What you have to do:
Reproduce exactly, and only, the lines of the material below running from the line bearing "Pánské kraťasy.Materiál len" through the line bearing "Potřebujete prezentovat zákazníkovi". Leave any pictures out.

Data shown:

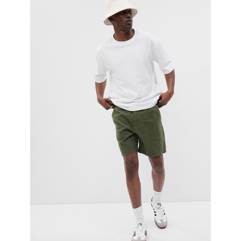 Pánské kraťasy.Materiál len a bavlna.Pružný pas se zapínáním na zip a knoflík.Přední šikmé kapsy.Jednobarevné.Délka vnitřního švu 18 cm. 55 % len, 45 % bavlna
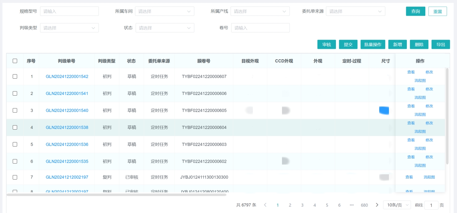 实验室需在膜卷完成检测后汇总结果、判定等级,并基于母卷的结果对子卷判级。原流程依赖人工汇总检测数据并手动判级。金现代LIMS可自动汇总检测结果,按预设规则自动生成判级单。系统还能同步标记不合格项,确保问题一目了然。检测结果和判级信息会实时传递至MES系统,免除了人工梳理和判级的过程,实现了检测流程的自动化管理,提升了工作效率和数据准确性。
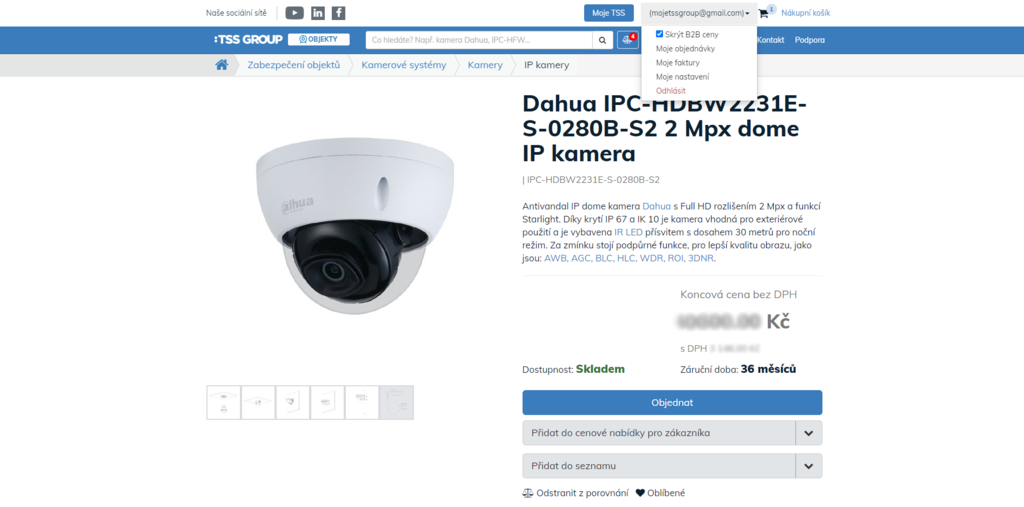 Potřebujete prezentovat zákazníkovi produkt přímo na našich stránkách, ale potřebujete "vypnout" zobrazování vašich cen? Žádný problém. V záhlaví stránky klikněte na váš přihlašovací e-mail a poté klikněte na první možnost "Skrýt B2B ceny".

...

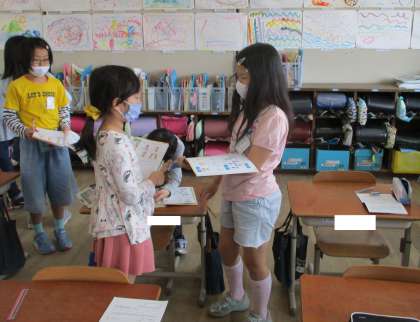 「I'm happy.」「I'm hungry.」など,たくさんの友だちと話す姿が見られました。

* * *

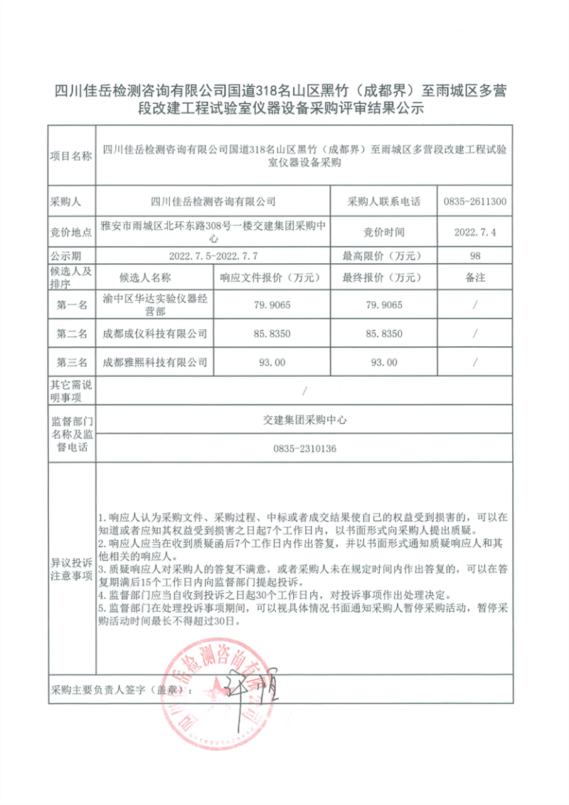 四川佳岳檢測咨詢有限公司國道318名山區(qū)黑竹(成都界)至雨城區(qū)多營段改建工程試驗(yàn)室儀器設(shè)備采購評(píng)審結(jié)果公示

Task solution:
 Pánské kraťasy.Materiál len a bavlna.Pružný pas se zapínáním na zip a knoflík.Přední šikmé kapsy.Jednobarevné.Délka vnitřního švu 18 cm. 55 % len, 45 % bavlna
 实验室需在膜卷完成检测后汇总结果、判定等级,并基于母卷的结果对子卷判级。原流程依赖人工汇总检测数据并手动判级。金现代LIMS可自动汇总检测结果,按预设规则自动生成判级单。系统还能同步标记不合格项,确保问题一目了然。检测结果和判级信息会实时传递至MES系统,免除了人工梳理和判级的过程,实现了检测流程的自动化管理,提升了工作效率和数据准确性。
 Potřebujete prezentovat zákazníkovi produkt přímo na našich stránkách, ale potřebujete "vypnout" zobrazování vašich cen? Žádný problém. V záhlaví stránky klikněte na váš přihlašovací e-mail a poté klikněte na první možnost "Skrýt B2B ceny".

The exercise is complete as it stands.